Es war uns immer ein besonderes Anliegen, jedes Land nach seinen eigenen Leistungen zu bewerten", sagte Außenministerin
Ursula Plassnik. "Bereits unter unserem EU-Vorsitz kam es zu einer Entkoppelung der Verhandlungen mit Kroatien
von der Türkei. Es freut mich, dass die nun vorgelegten Berichte neuerlich die Fortschritte Kroatiens sichtbar
machen und diese Linie bestätigen."
In Bezug auf die Türkei mahnte die Außenministerin wie die Kommission erhebliche Anstrengungen im Bereich
der freien Meinungsäußerung, bei den Rechten nichtmuslimischer Religionsgemeinschaften, den Frauenrechten,
den Gewerkschaftsrechten und der zivilen Kontrolle über das Militär sowie in der Zypern-Frage ein. Sie
bedauerte, dass die Kommission aus ihrem kritischen Türkei-Bericht noch keine konkreten Handlungsoptionen
für die EU-Mitgliedstaaten abgeleitet hat, sondern dazu offenbar erst unmittelbar vor dem Europäischen
Rat Mitte Dezember Stellung beziehen will.
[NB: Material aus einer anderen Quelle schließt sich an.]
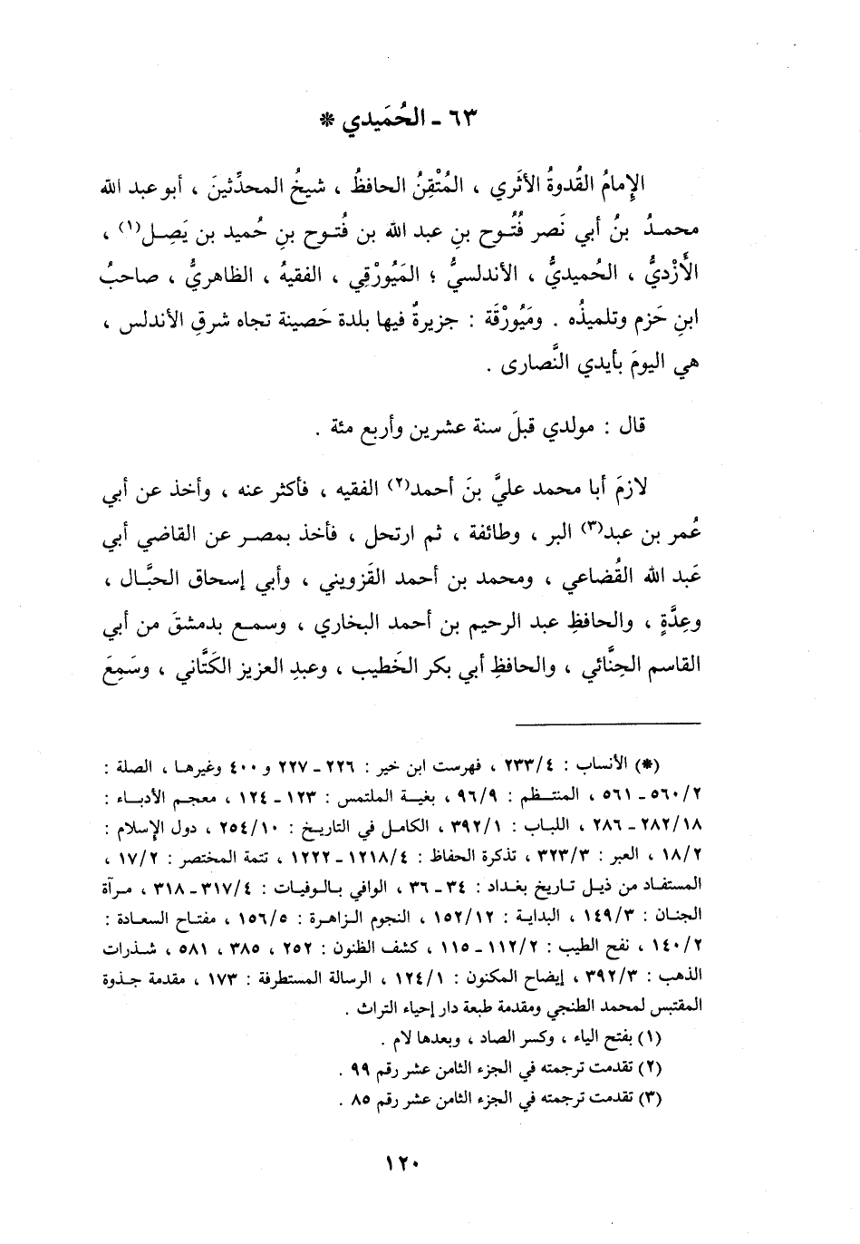 (*) الأنساب: 4 / 233، فهرست ابن خير: 226 - 227 و400 وغيرها، الصلة: 2 / 560 - 561، المنتظم: 9 / 96، بغية الملتمس: 123 - 124، معجم الأدباء: 18 / 282 - 286، اللباب: 1 / 392، الكامل في التاريخ: 10 / 254، دول الإسلام: 2 / 18، العبر: 3 / 323، تذكرة الحفاظ: 4 / 1218 - 1222، تتمة المختصر: 2 / 17، المستفاد من ذيل تاريخ بغداد: 34 - 36، الوافي بالوفيات: 4 / 317 - 318، مرآة الجنان: 3 / 149، البداية: 12 / 152، النجوم الزاهرة: 5 / 156، مفتاح السعادة: 2 / 140، نفح الطيب: 2 / 122 - 115، كشف الظنون: 252، 385، 581، شذرات الذهب: 3 / 392، إيضاح المكنون: 1 / 124، الرسالة المستطرفة: 173، مقدمة جذوة المقتبس لمحمد الطنجي ومقدمة طبعة دار إحياء التراث.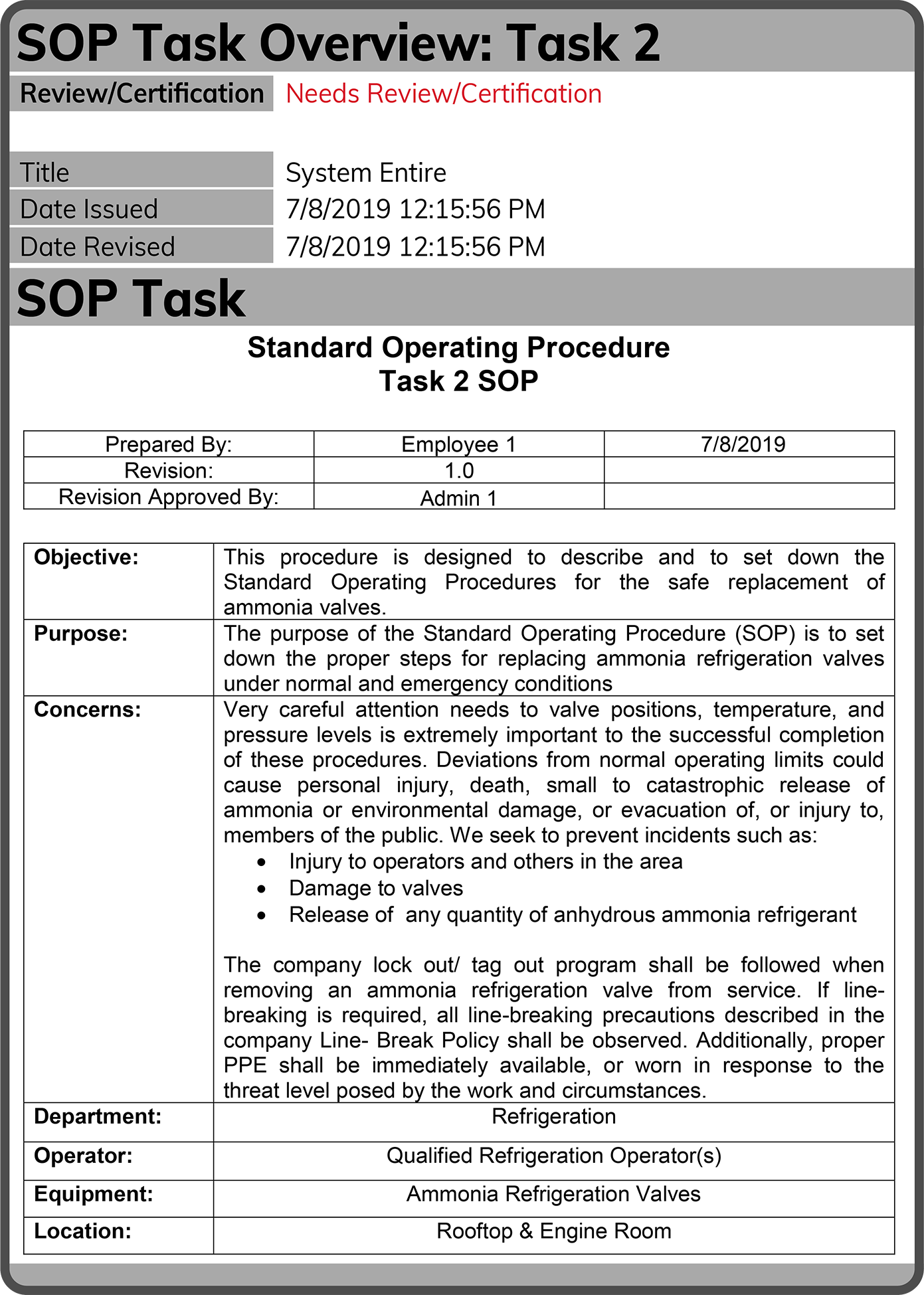 After saving the SOP, you can see the changes in an Overview of the SOP Task.

"Eine offene politische Debatte muss ab sofort geführt werden. Der umfassende Bericht der Kommission
liegt ja am Tisch. Die EU-Außenminister können und wollen sich sicher nicht über Wochen hinweg
der Diskussion über ein so zentrales Thema enthalten. Wir müssen jetzt für Klarheit sorgen und realistische
Handlungsoptionen für die Türkei definieren. Dass sind wir nicht nur uns selbst, sondern auch unseren
türkischen Partnern schuldig. Ich werde deshalb für den nächsten Außenministerrat am kommenden
Montag auf einer eingehenden Aussprache bestehen", kündigte Plassnik an.
In diesem Zusammenhang unterstützte die Außenministerin die gestern bekräftigte Absicht der Kommission,
die Aufnahmefähigkeit der Europäischen Union in Zukunft präziser zu evaluieren. Damit werde einer
österreichischen Forderung entsprochen. "In ihrem Sonderbericht hat sich die Kommission verpflichtet,
im Lauf von Beitrittsverhandlungen zu den Auswirkungen der Mitgliedschaft auf Schlüsselbereiche der EU-Politik
wie die Personenfreizügigkeit, die Landwirtschaft oder die Verkehrspolitik genaue Analysen vorzulegen. Wir
begrüßen diese Zusage und werden die Rechtzeitigkeit solcher Untersuchungen auch immer wieder einmahnen",
betonte Plassnik. "Es geht nicht darum, neue oder zusätzliche Hürden zu errichten. Wohl aber darum,
den Beitrittsprozess besser vorzubereiten und umsichtiger durchzuführen. Die Bürger verlangen zu Recht
klare Informationen über die Auswirkung auf wichtige und sensible Politikbereiche, wie dem Arbeitsmarkt oder
die finanziellen Folgen. Schließlich zeigt das Beispiel Türkei, dass die Öffentlichkeit besser
einbezogen werden muss. Und das sowohl in der Türkei als auch in der EU." |
Mölzer: EU-Erweiterungsstrategie legt Fortsetzung des Erweiterungswahns fest.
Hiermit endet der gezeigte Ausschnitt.